The ACLU is asking Charlotte Police to release this video before that deadline in the interest of accountability and transparency.
Criminal law professor Kami Chavis says there are pros and cons to releasing the video right away.
"Some of the reasons to release that footage immediately would be to quell certain concerns. If you see a suspect that has acted in some unreasonable manner, then it's easier for people to understand why a police officer may have reacted as they did," said Chavis, Professor, Wake Forest University School of Law.
Two days after a fatal police shooting in Tulsa, Oklahoma, police released dash cam video and video from a helicopter of the incident. Chavis says that's because different jurisdictions have different policies on releasing this footage.

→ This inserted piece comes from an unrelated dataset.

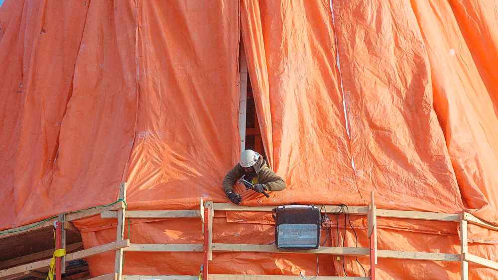 Jacques Boulet from Winnipeg climbs down a ladder after helping to clean off the top of Franziska Agrawal’s (right) sculpture ‘Prisma’ which is part of the International Snow Sculpture Symposium at the Festival du Voyageur which kicks off today, Thursday, February 14, 2019.TREVOR HAGAN / WINNIPEG PRESS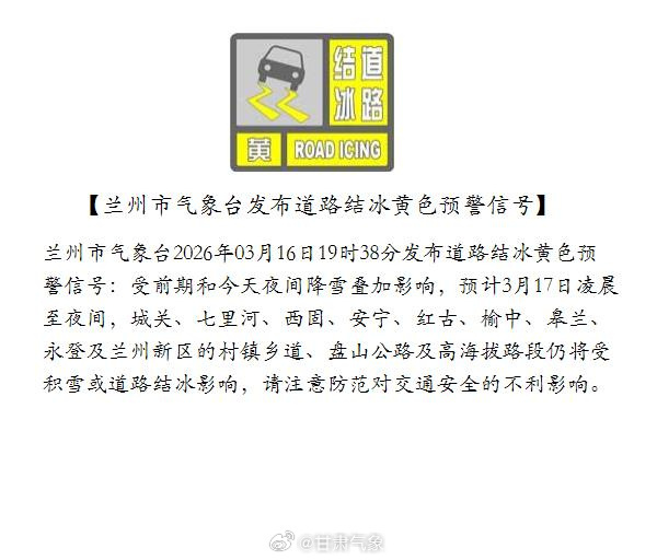 兰州市气象台2026年03月16日19时38分发布道路结冰黄色预警信号:

She says there's a patchwork of policies nationwide which can make it difficult for the public to understand why video is released in one place and not another.
Defense attorney David Freedman has represented about 30 officers involved in shootings and says releasing the video could jeopardize a potential criminal case.
"The concern and the reason you have the state law is because it's an ongoing criminal investigation until the DA decides whether to charge. You don't want to prejudice the case for the police officer or for the person who was shot," said Freedman.
When an officer is involved in a shooting, a criminal investigation is launched to see if the officer acted justly. Dash cam and body camera footage is often key pieces of information.
State law prohibits evidence in criminal cases to be made public and in most cases, the SBI, which investigates most officer-involved shootings, asks the judge to seal the video to protect the evidence in case there are charges filed.
When the new law goes into effect in October, only a judge will have the power to release video in a case like this.